* _Problem requirements_:
Given the records below, the lines starting at the line with "jest trzeci wspornik)" and ending at the line with "Агенция за недвижими" should be output exactly, both end lines kept and pictures left out.
======== Available data ========
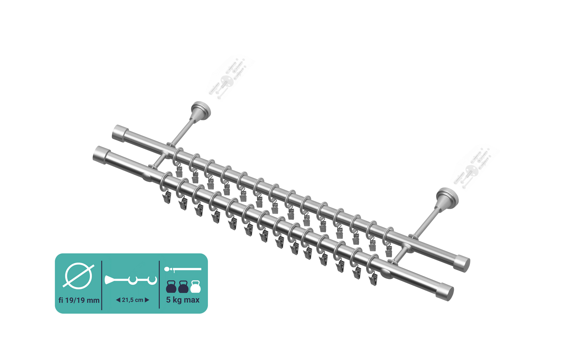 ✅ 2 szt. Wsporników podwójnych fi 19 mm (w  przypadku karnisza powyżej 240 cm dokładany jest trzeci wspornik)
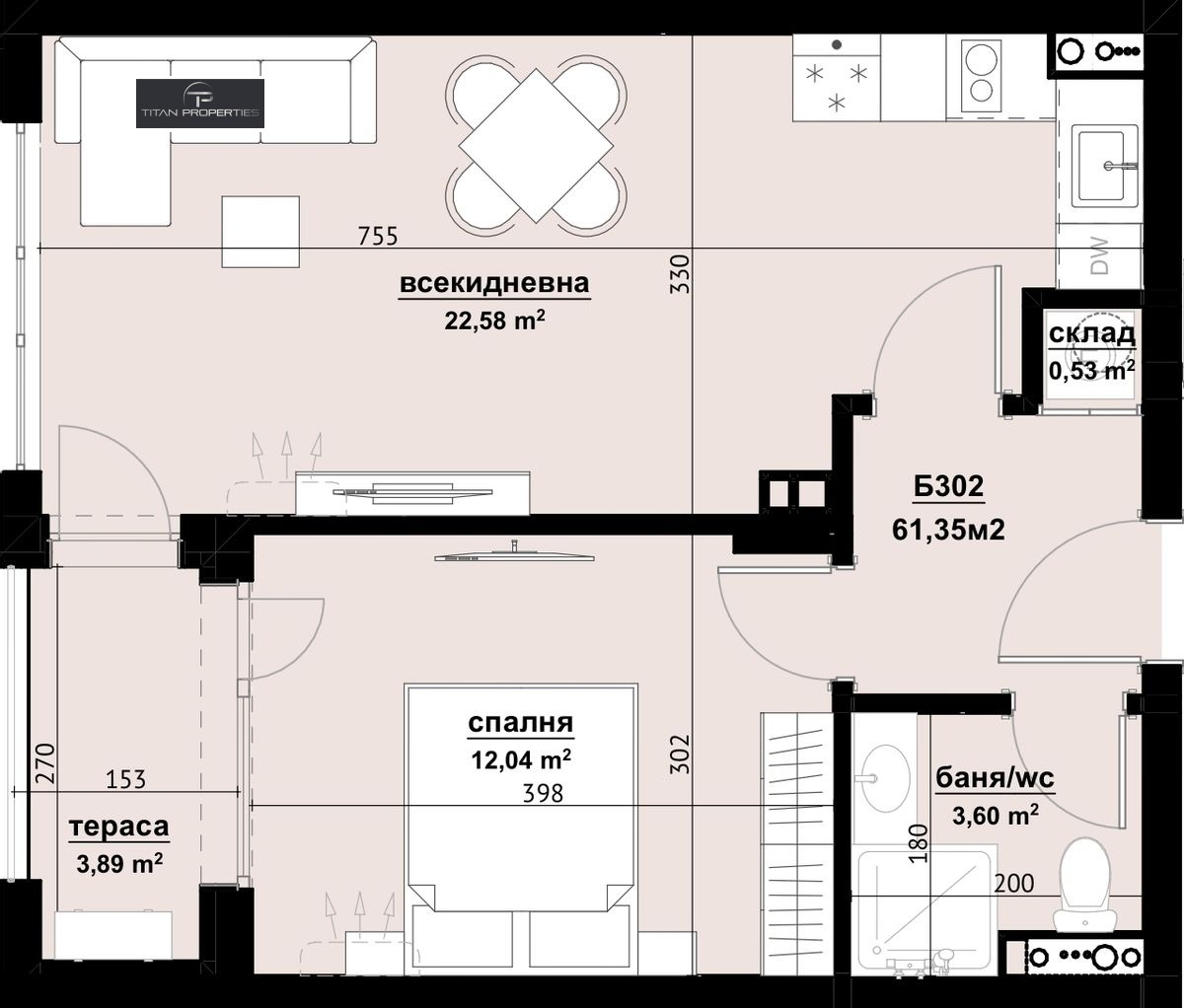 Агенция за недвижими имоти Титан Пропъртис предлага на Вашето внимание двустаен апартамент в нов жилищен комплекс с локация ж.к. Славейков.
========
======== Available data ========
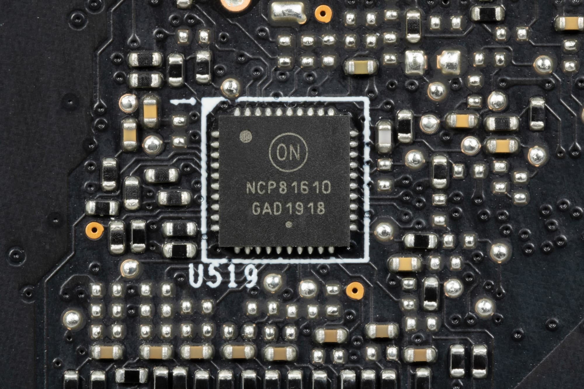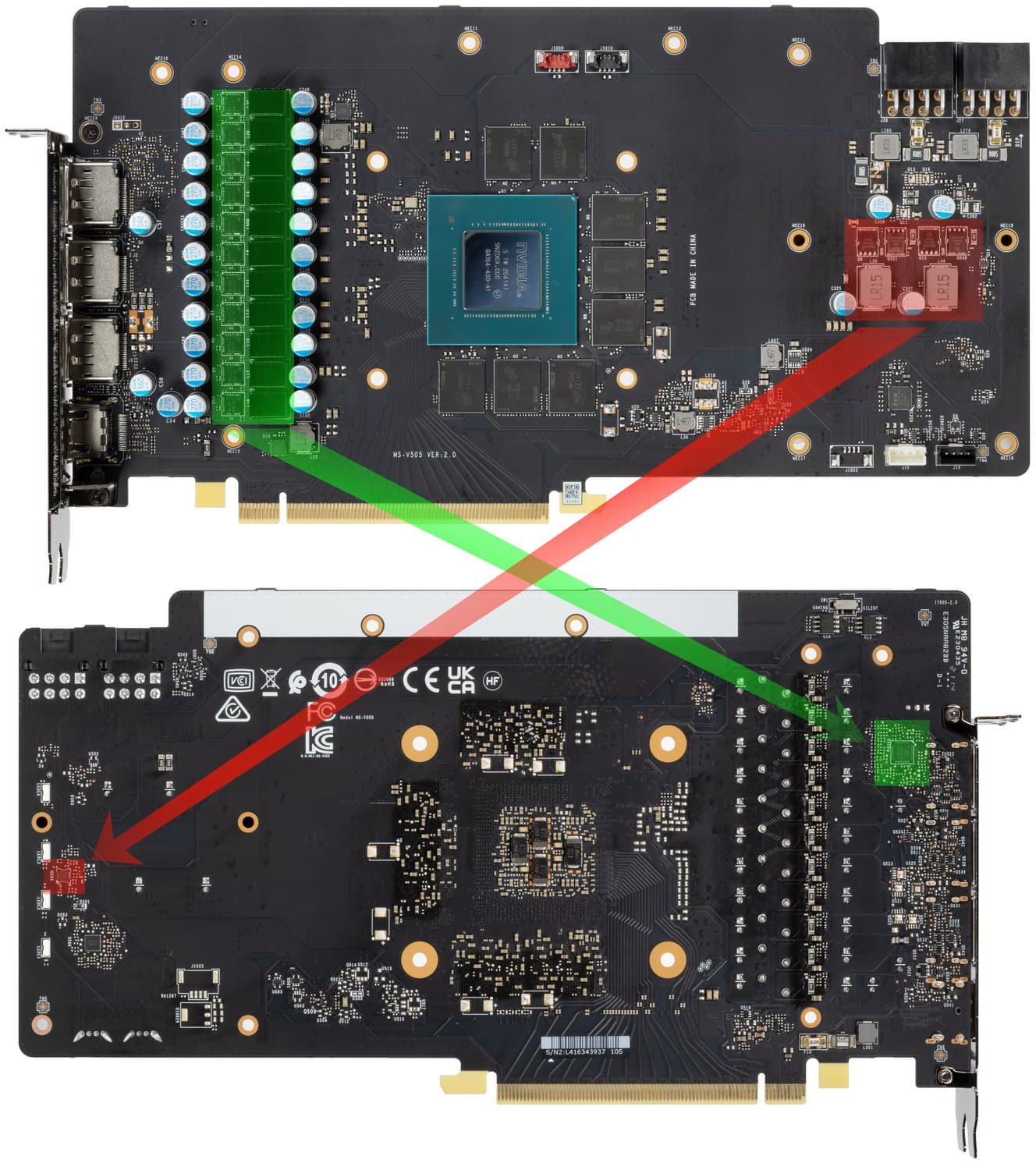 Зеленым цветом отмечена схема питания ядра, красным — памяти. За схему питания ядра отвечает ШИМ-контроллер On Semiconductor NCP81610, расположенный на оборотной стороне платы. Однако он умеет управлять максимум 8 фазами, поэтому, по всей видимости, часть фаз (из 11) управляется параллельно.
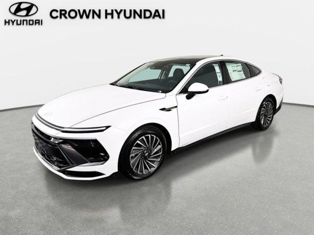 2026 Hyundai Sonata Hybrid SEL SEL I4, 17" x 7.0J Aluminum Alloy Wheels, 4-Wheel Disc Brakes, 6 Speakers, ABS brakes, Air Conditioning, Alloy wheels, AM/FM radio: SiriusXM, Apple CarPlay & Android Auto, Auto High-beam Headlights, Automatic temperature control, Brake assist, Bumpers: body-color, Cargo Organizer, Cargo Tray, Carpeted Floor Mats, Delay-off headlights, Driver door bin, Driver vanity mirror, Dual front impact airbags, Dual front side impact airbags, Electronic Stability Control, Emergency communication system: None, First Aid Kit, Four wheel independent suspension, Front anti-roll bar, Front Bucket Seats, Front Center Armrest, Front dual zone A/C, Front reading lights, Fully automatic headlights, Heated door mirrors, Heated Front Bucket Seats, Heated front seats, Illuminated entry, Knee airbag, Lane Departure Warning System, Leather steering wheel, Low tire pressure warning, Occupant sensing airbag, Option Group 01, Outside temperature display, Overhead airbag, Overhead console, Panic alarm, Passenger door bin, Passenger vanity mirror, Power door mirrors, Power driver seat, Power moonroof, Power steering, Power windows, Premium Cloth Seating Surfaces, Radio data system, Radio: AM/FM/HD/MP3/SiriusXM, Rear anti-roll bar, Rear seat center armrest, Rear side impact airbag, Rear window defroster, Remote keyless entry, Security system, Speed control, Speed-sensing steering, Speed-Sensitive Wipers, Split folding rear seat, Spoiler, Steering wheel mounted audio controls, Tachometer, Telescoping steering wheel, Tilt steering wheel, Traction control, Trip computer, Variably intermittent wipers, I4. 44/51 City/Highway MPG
========
* _Solved problem_:
 ✅ 2 szt. Wsporników podwójnych fi 19 mm (w  przypadku karnisza powyżej 240 cm dokładany jest trzeci wspornik)
 Агенция за недвижими имоти Титан Пропъртис предлага на Вашето внимание двустаен апартамент в нов жилищен комплекс с локация ж.к. Славейков.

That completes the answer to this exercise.